Later the same day a second expectant mother consults you. Her name is Klara. Klara is twenty-eight, married three years, the wife of a government worker; she has the look of a woman accustomed to anguish. Concerned for the ultimate health of her unborn, Klara explains that for each year of her marriage she has had a childand each has died; the first within thirty-one months, the second within sixteen months, the third within several days. Disease? You ask. Klara nods. She suspects that any future child would be equally susceptible. For you see, her husband is also her second cousin. Both Catholic, they received papal dispensation to marrythough now Klara questions their wisdom in asking for permission.
In addition, there is something else One of Klaras sisters is a hunchback; another sister, the mother of a hunchback. Klara is in the first trimester of her fourth pregnancy. The odds are against the health of her child. Time is running out. And it is only later that you learn---Klaras husband is not, as she said, her second cousin. He is her uncle.
So what, doctor, is your advice to Klara?
In addition to all immediate considerations---physical, moral, and religious---the dilemma of whether to terminate a pregnancy is a philosophical question :
Might this life, if left to live, affect the consciousness or even the destiny of mankind?
Yet if the profundity of this question is diminished by the balance, which governs all life, there is evidence in the two true stories you have just heard: the unwed mother with the unwanted child; the married mother with the graves of three infants behind her.
For if you, as the hypothetical physician, had opted for in both cases for abortion, then you would have respectively denied the world the multifaceted genius of Leonardo da Vinci; and spared humanity the terror of Adolf Hitler.
Question 1:
If you knew a woman who was pregnant, who had 8 kids already, three who were deaf, two who were blind, one mentally retarded, and she had syphilis, would you recommend that she have an abortion? Read the next question before looking at the answer for this one.
Question 2:
It is time to elect a new world leader, and only your vote counts. Here are the facts about the three leading candidates:
Candidate A -
Associates with crooked politicians, and consults with astrologers. He's had two Mistresses. He also chain smokes and drinks 8 to 10 martinis a day.
Candidate B -
He was kicked out of office twice, sleeps until noon, used opium in college and drinks a quart of whiskey every evening.
Candidate C -
He is a decorated war hero. He's a vegetarian, doesn't smoke, drinks an occasional beer and never cheated on his wife.
Which of these candidates would be your choice?

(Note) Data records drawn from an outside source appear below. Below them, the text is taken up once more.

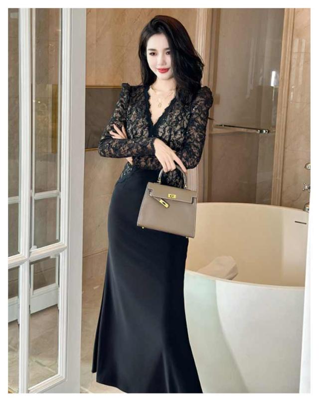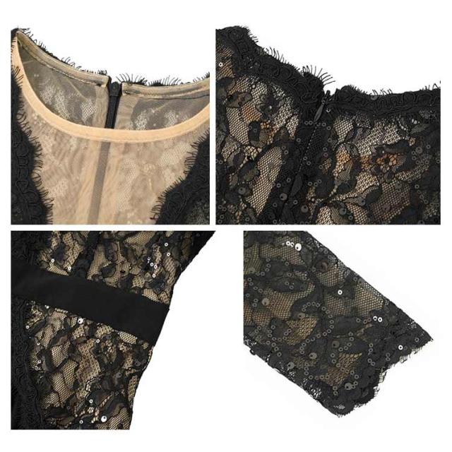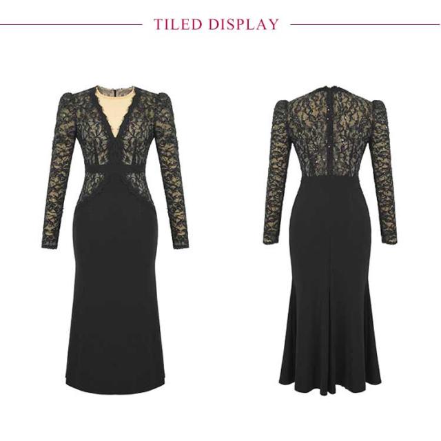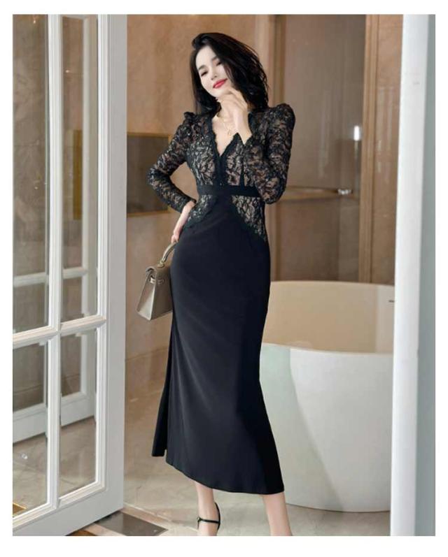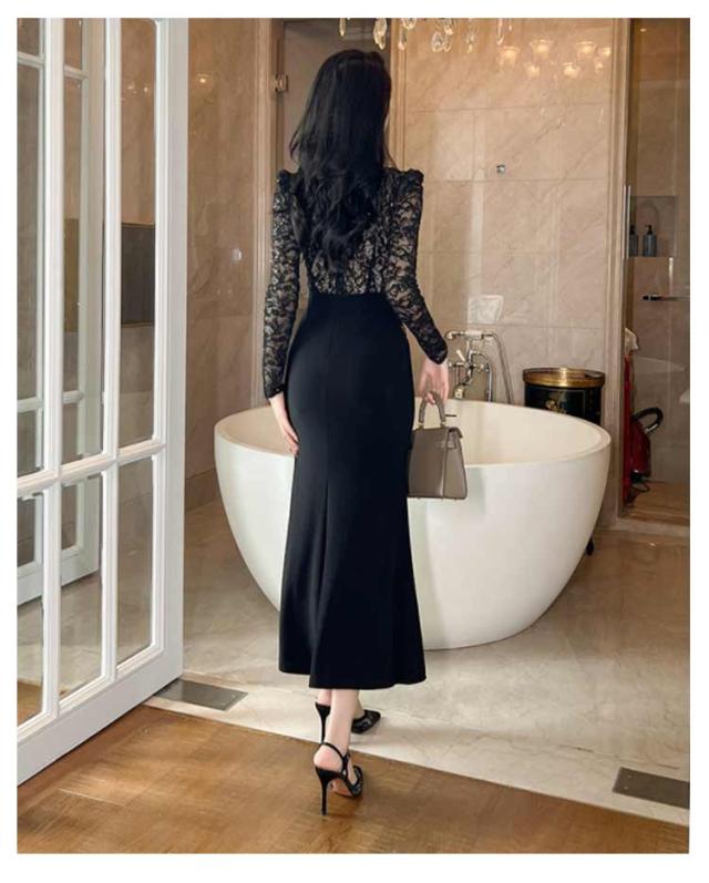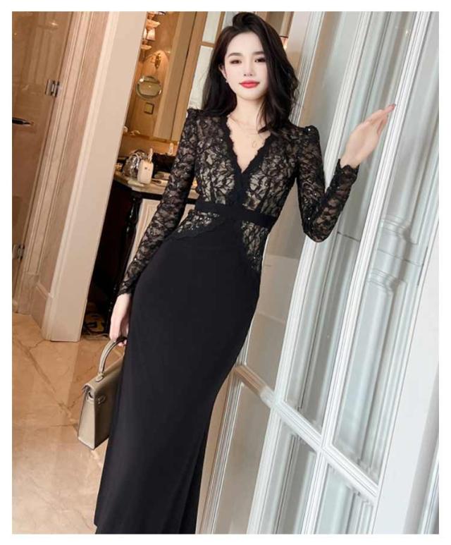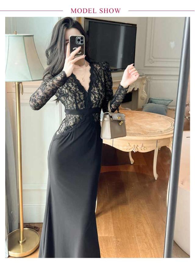 パーティードレス ブラックドレス 黒ワンピ タイトワンピ マーメイド ワンピース シースルー レース 透け感 黒 タイト ワンピース 長袖 ロング丈 きれいめ タイトワンピース 成人式 卒業式 謝恩会 二次会 お呼ばれ レディース オケージョン
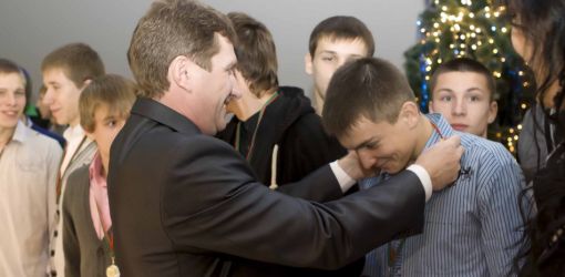 В торжественной обстановке футболистам вручили честно заработанные бронзовые медали, поздравили, подарили массу теплых слов, спели и станцевали.
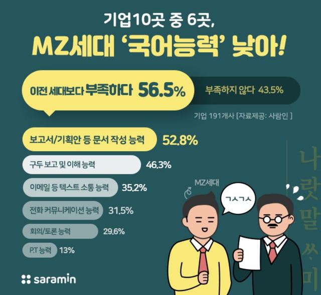 구인구직 매칭 플랫폼 사람인(대표 김용환)이 한글날을 앞두고 기업 191개사를 대상으로 ‘MZ세대 직원의 국어 능력’을 조사한 결과, 56.5%가 이들의 국어 능력이 이전 세대보다 ‘부족하다’고 밝혔다.
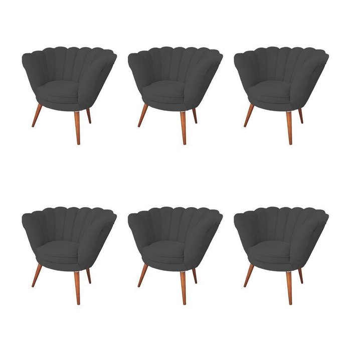 Kit 6 Poltronas Decorativa Pétala Clínicas E Base Madeira Maciça Estofado Veludo Grafite - Cinza

Candidate A is Franklin D. Roosevelt.
Candidate B is Winston Churchill.
Candidate C is Adolph Hitler.
And, by the way, the answer to the abortion question:
If you said yes, you just killed Beethoven. Pretty interesting isn't it? Makes a person think before judging someone.
“Babies belong to their mothers whose bodies make them”
I know you were not saying this...but here is the answer I give
1 Corinthians 6 v 19 ,20
We are not our own
Or do you not know that your body is the temple of the Holy Spirit who is in you, whom you have from God, and you are not your own?